My mother’s always told me I can only date/marry a man at “my level” or above. I always though that was a very ignorant statement. I’ve always thought highly of myself as a person but I’ve never thought I was anything more special than anyone else. Now that I’m older I understand what my mother was saying. I don’t agree with it but as society is it makes sense and seems to be true.

Not that I look back I see that men I’ve dated/ been together with have been conscious and uncomfortable with my family’s wealth, connections and social status. I live away from my family and have a normal life where I support myself.

Me and my boyfriend broke up and he thinks that if he had worked harder, was more successful or had more money he wouldn’t lose me.

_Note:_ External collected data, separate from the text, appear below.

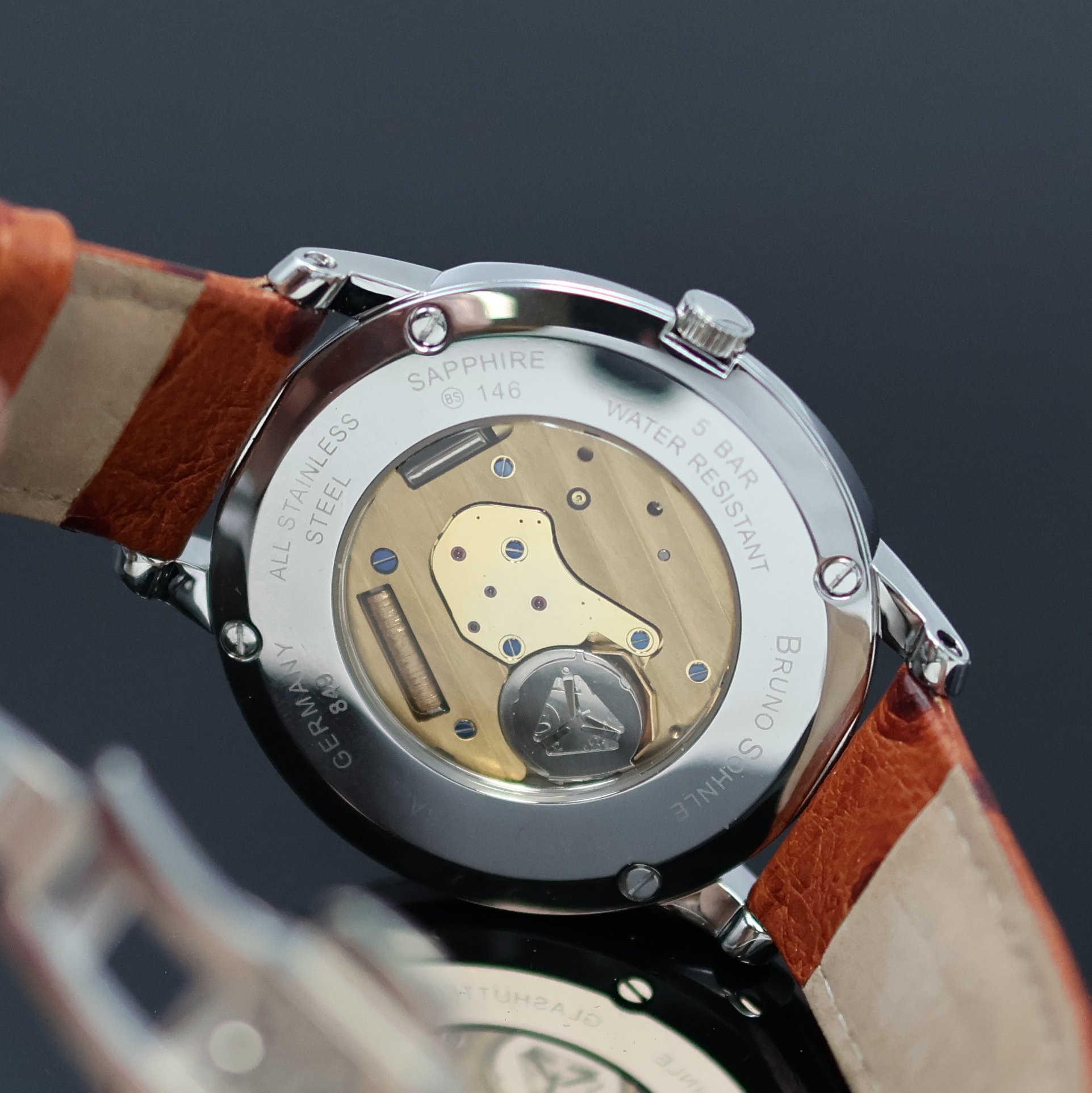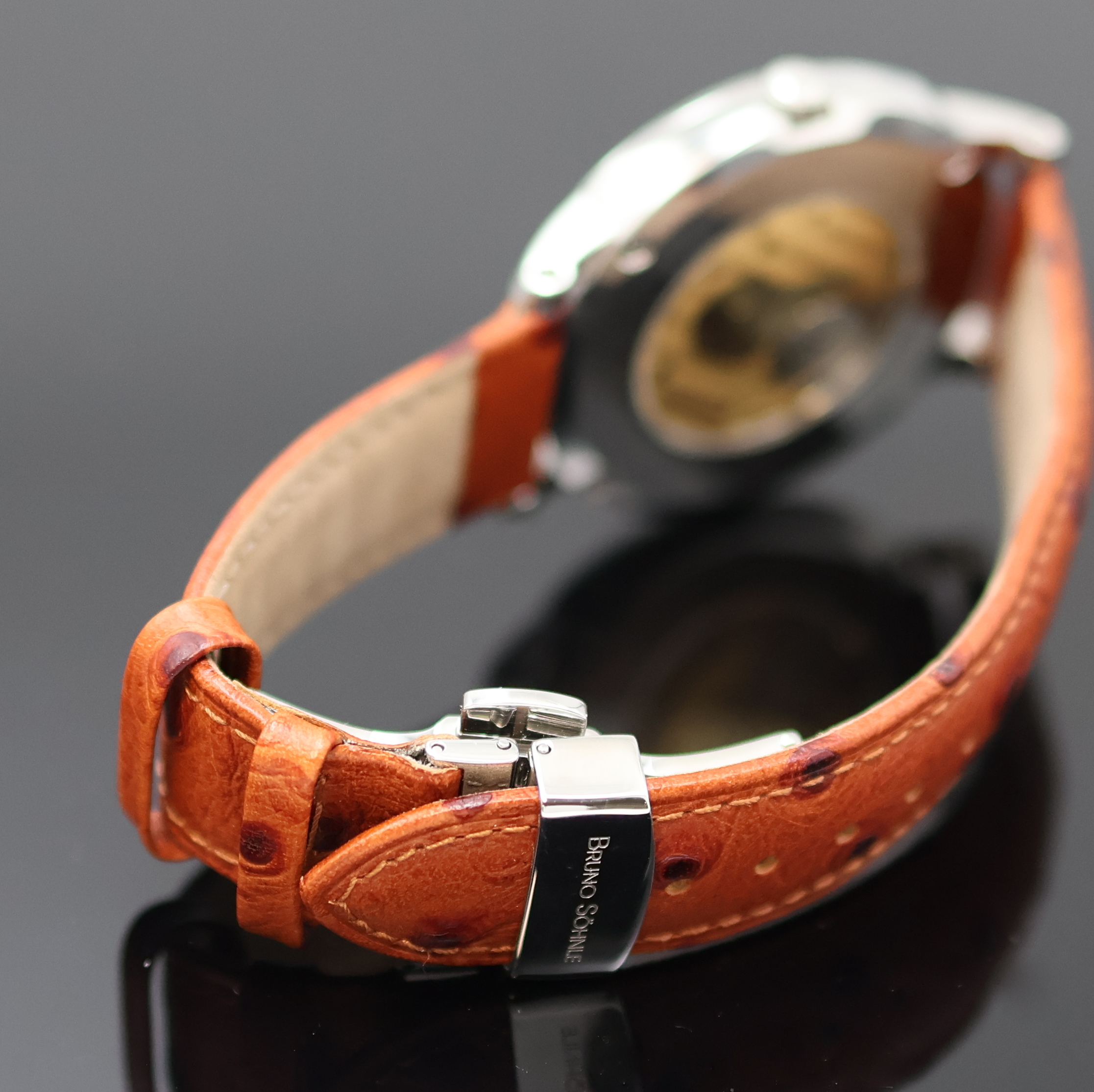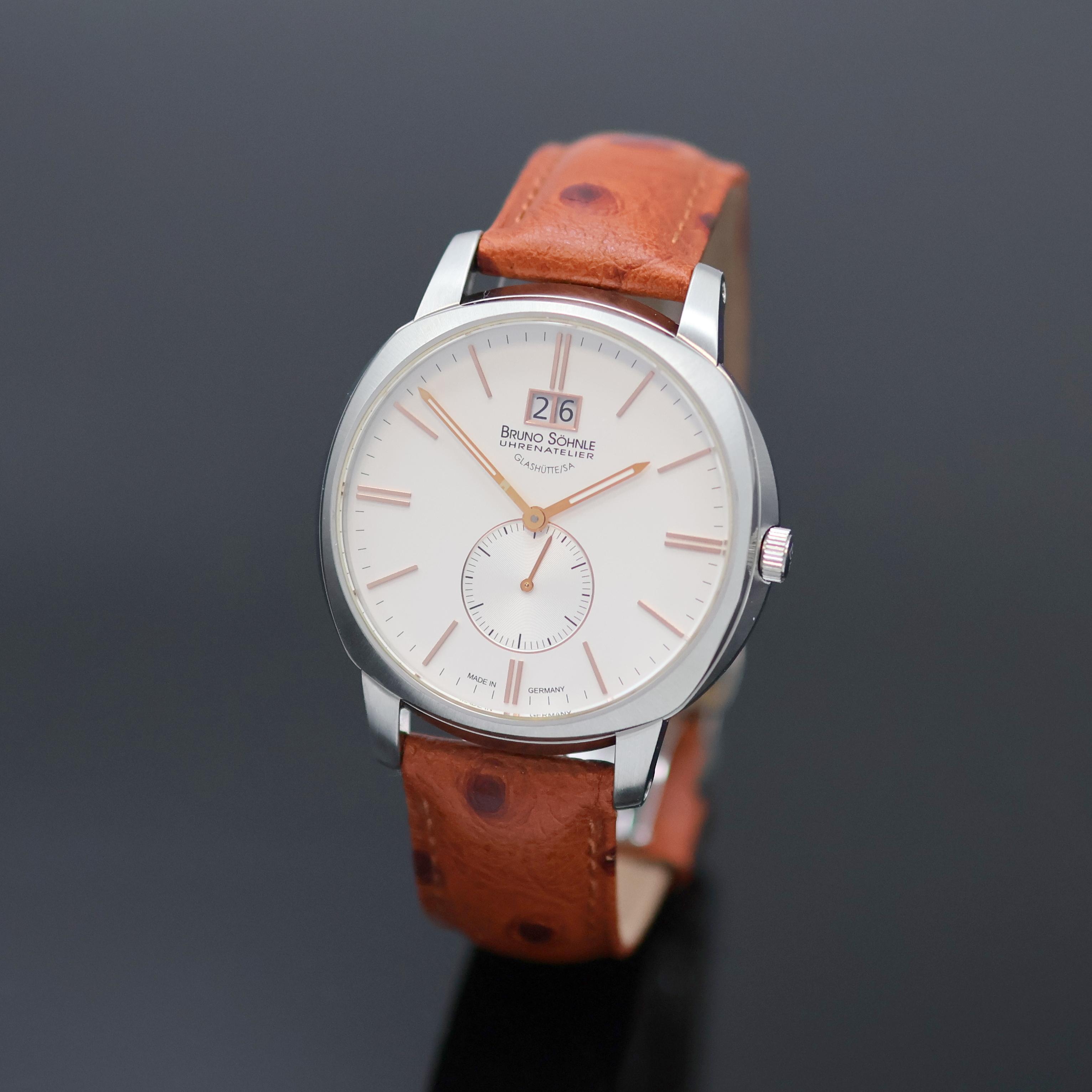 BRUNO SÖHNLE Uhrenatelier Glashütte/SA Herrenarmbanduhr, quarz, beids. vergl. Edelstahlgeh. inkl. Lederband m. orig. Faltschl., Boden 4-fach verschr., silb. Zifferbl. m. aufgel. Indizes, Anz. v. Std., Min., kl. Sek. & Großdatum, D. ca. 43 mm, EZ 2
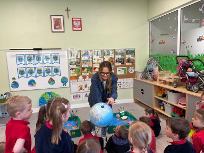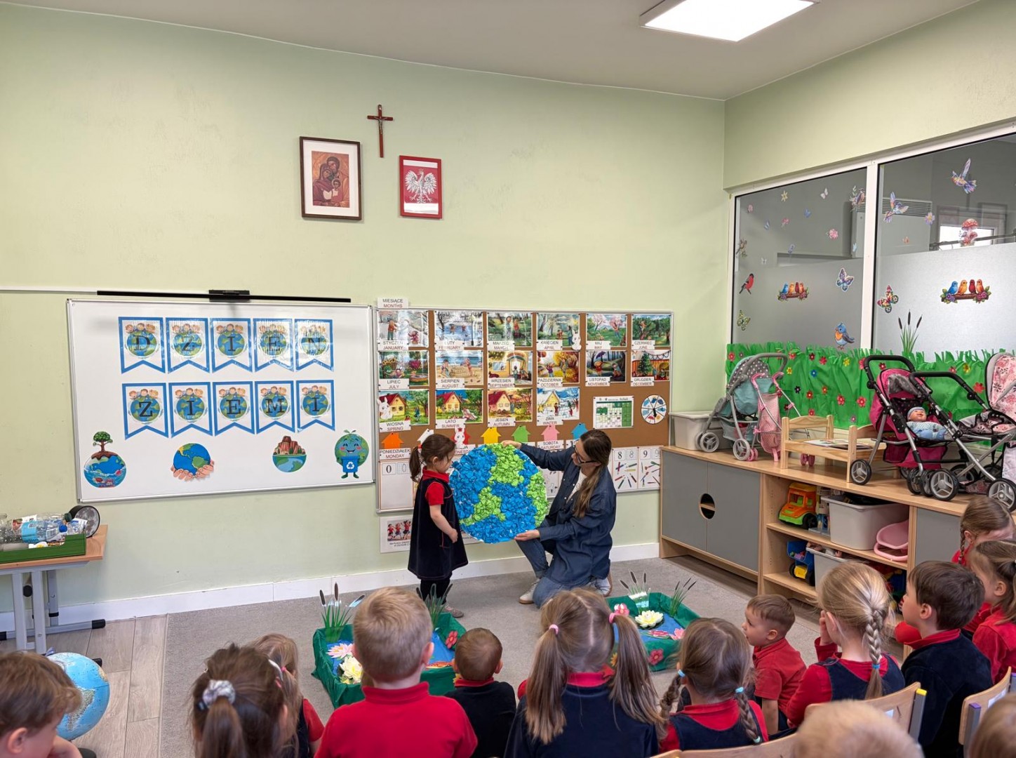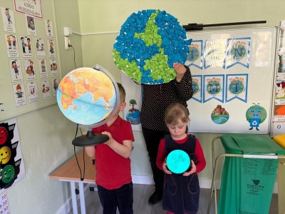 Chętnie dzieliły się swoimi pomysłami na ochronę naszej planety, takimi jak oszczędzanie wody, gaszenie światła czy dbanie o czystość wokół nas. To był dzień pełen radości, nauki i troski o naszą wspólną Ziemię.
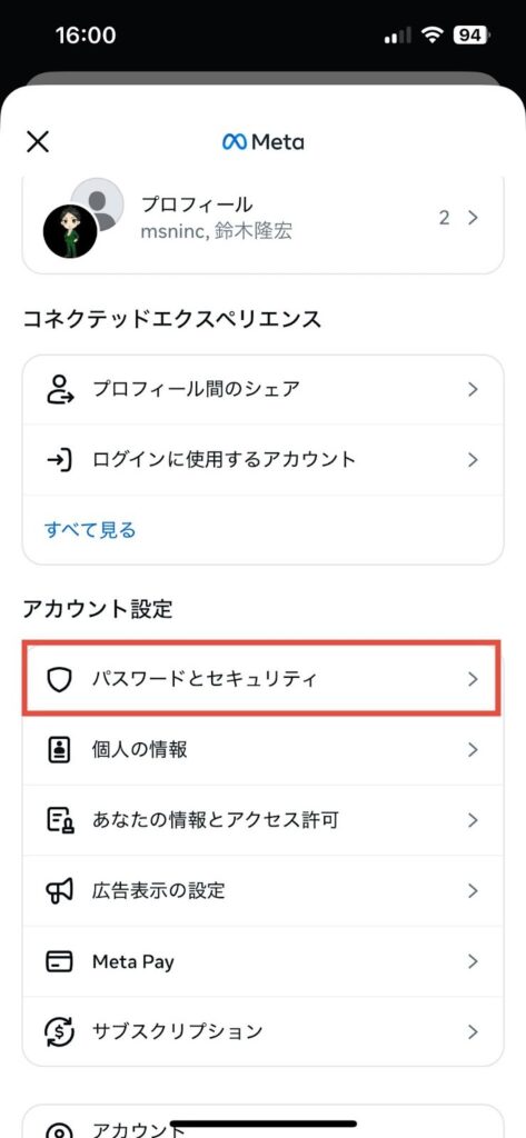 - 「アカウントセンター」をタップする
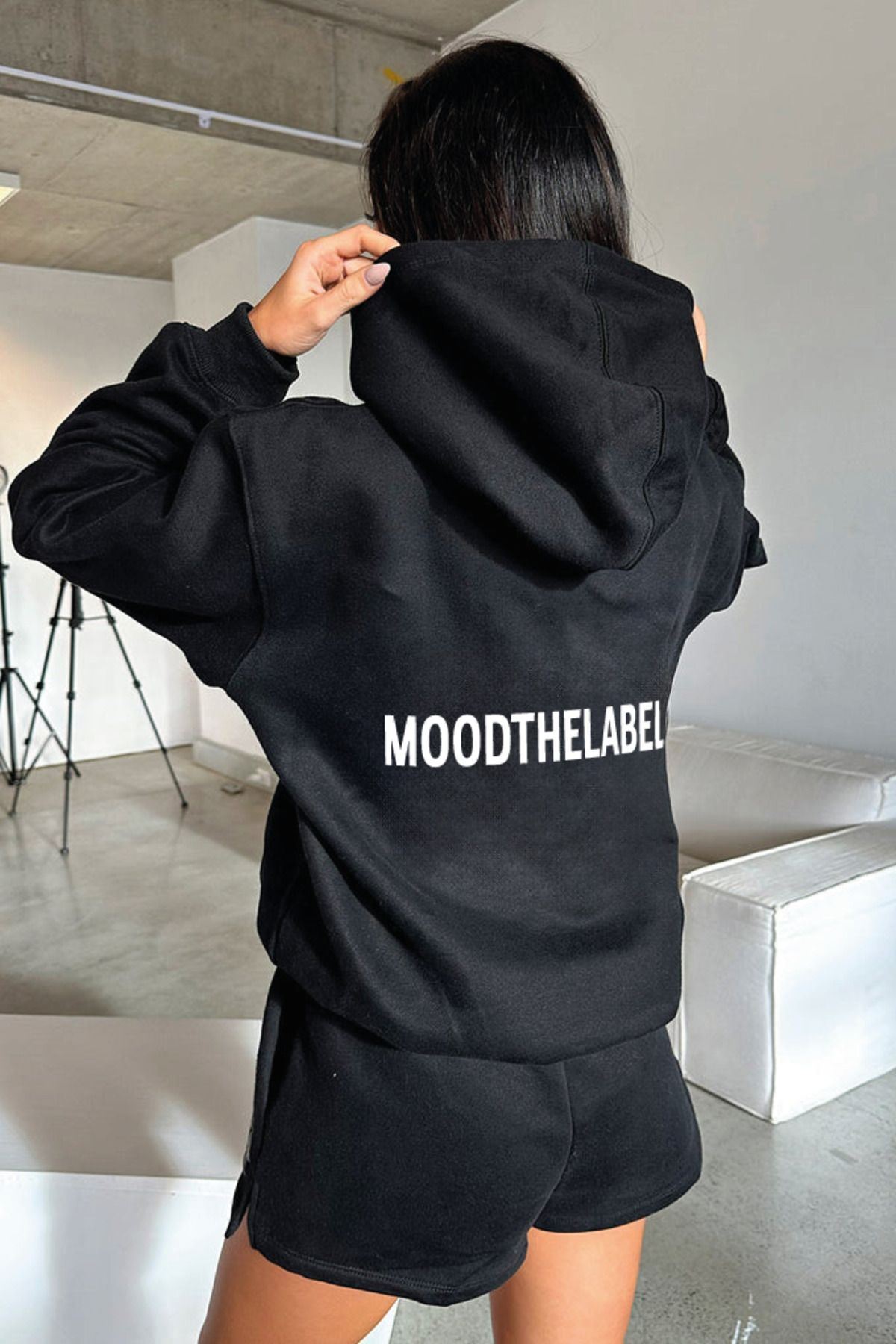 Mood The Label Sweatshirt - Siyah Baskılı Oversize Kalın Kışlık Kapüşonlu
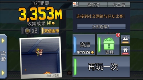 飞行途中若出现感叹号,就得提高警惕了——前方会有危险飞行物袭来,务必及时做好躲避准备。游戏结束后,系统会展示你收集到的成果以及飞行的总距离。
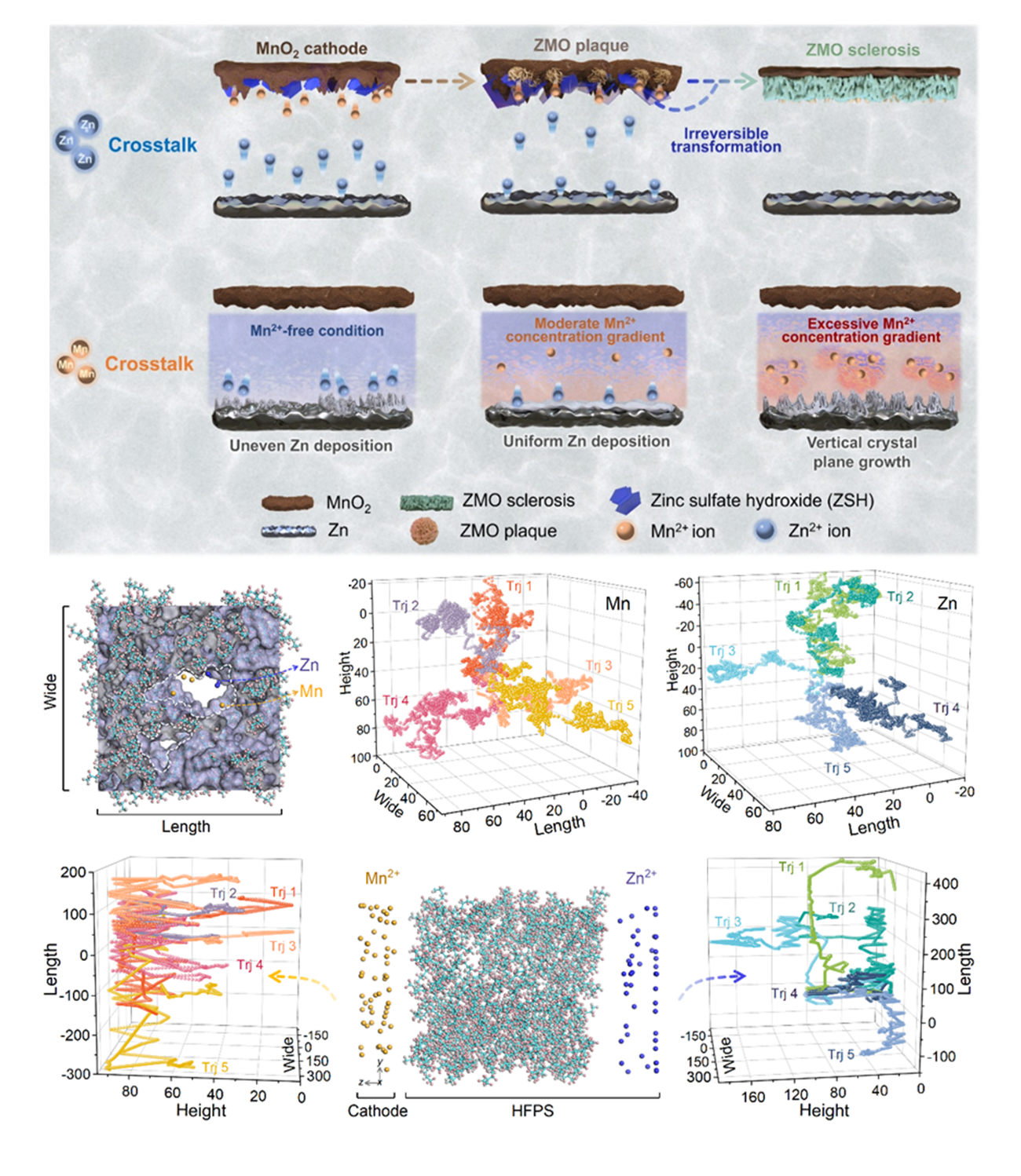 图4.锌锰二次电池内离子串扰效应示意图以及HFPS中离子迁移轨迹
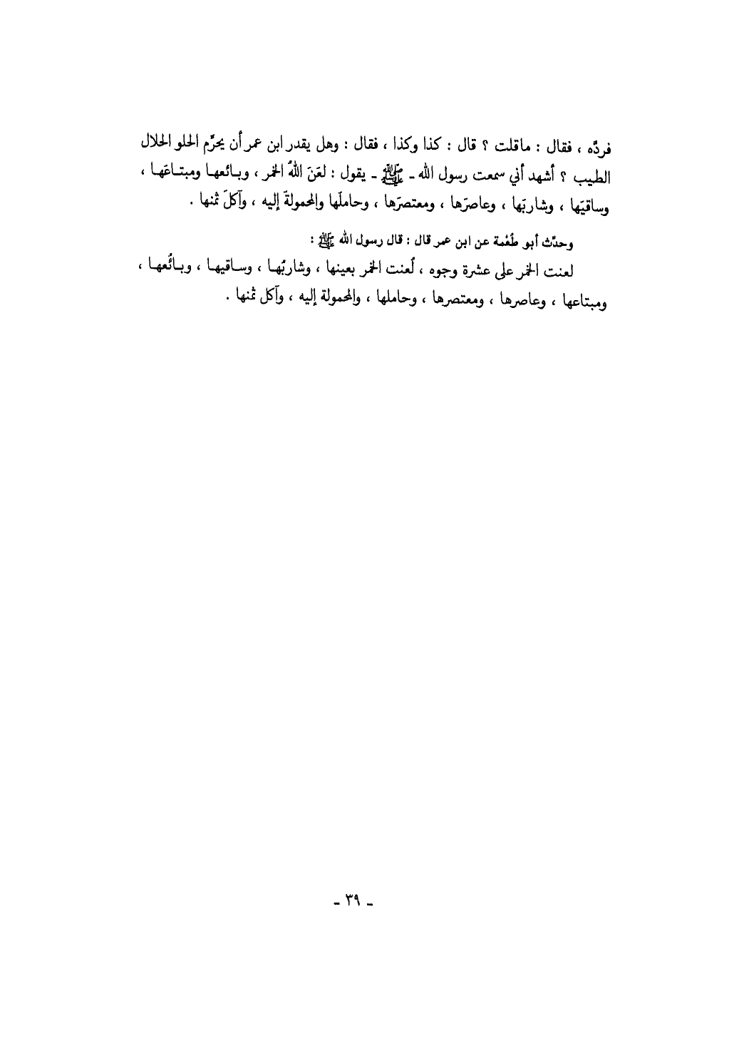 فرده، فقال: ما قلت؟ قال: كذا وكذا، فقال: وهل يقدر ابن عمر أن يحرم الحلو الحلال الطيب؟ أشهد أني سمعت رسول الله صَلَّى اللهُ عَلَيْهِ وَسَلَّمَ يقول: لعن الله الخمر، وبائعها ومبتاعها، وساقيها، وشاربها، وعاصرها، ومعتصرها، وحاملها والمحمولة إليه، وآكل ثمنها. وحدث أبو طعمة عن ابن عمر قال: قال رسول اله صلى لله عليه وسلم: " لعنت الخمر على عشرة وجوه، لعنت الخمر بعينها وشاربها وساقيها، وبائعها، ومبتاعها، وعاصرها، ومعتصرها، وحاملها، والمحمولة إليه، وأكل ثمنها.
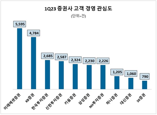 신한투자증권은 2587건으로 4위, 키움증권이 2324건으로 5위에 랭크됐다.
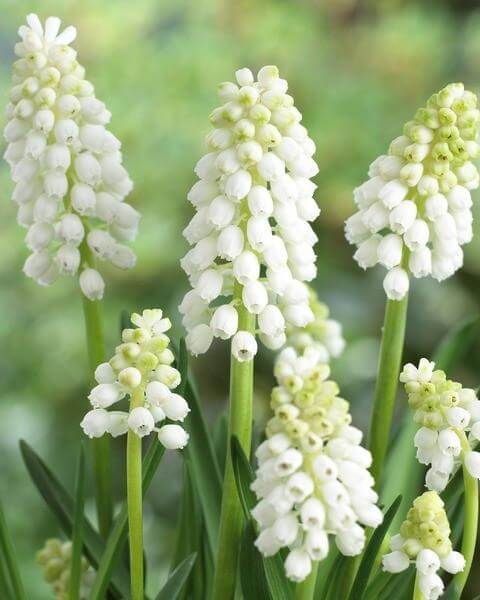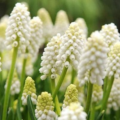 Petite merveille aux grappes de micros clochettes blanches et au parfum musqué. Les muscaris accompagnent parfaitement les narcisses qui fleurissent durant la même période. On préfère les planter en petits massifs.
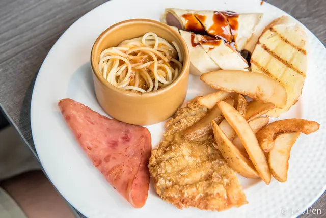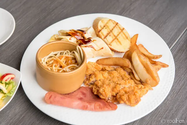同行另外兩位友人點的都是「早午餐」,一份是卡啦雞、一份是炸豬排。老實說兩樣都是皮大於肉,吃來乾硬不出色...其他配料更是令人錯愕!原本菜單上寫的義大利麵,是一碗水煮麵淋上醬;墨西哥餅捲是熱狗蛋餅淋上醬油膏,非常突兀的搭配。簡而言之大家吃完這道都不推。
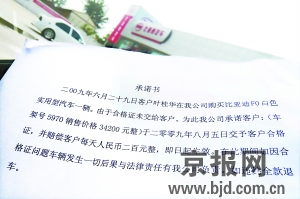 上午10時許,記者來到了位于豐臺區(qū)花鄉(xiāng)羊坊930號的金博藍汽車銷售服務公司,新車停車場里和展示廳內只有4輛新車待售,偶爾還有人在看車試車。買了車卻拿不到合格證的車主陸續(xù)來到4S店,他們手中都拿著一份“承諾書”,其中承諾8月5日交付合格證,并賠償一定金額,如果違約則全款退車。

He’s now obsessed with “making it”. And I would leave all the fortunes in the world to be with him. Even my last boyfriend though that he wasn’t good enough.

My type is a nice, loving good guy. Usually the guys I fall for are smart guys with good but regular jobs. I like the average joe, a family man. But personally I strive very high when it comes to work and success. Basically I want a man the opposite of my father and want to be a woman the opposite of my mother.

Now I genuinely fear that me becoming successful or/and rich on my own could cause problems with my future partner. I know being with a man that is similar to how I am would be better but those type of men are not my type.
”Having it all” as a woman, does that scare men off?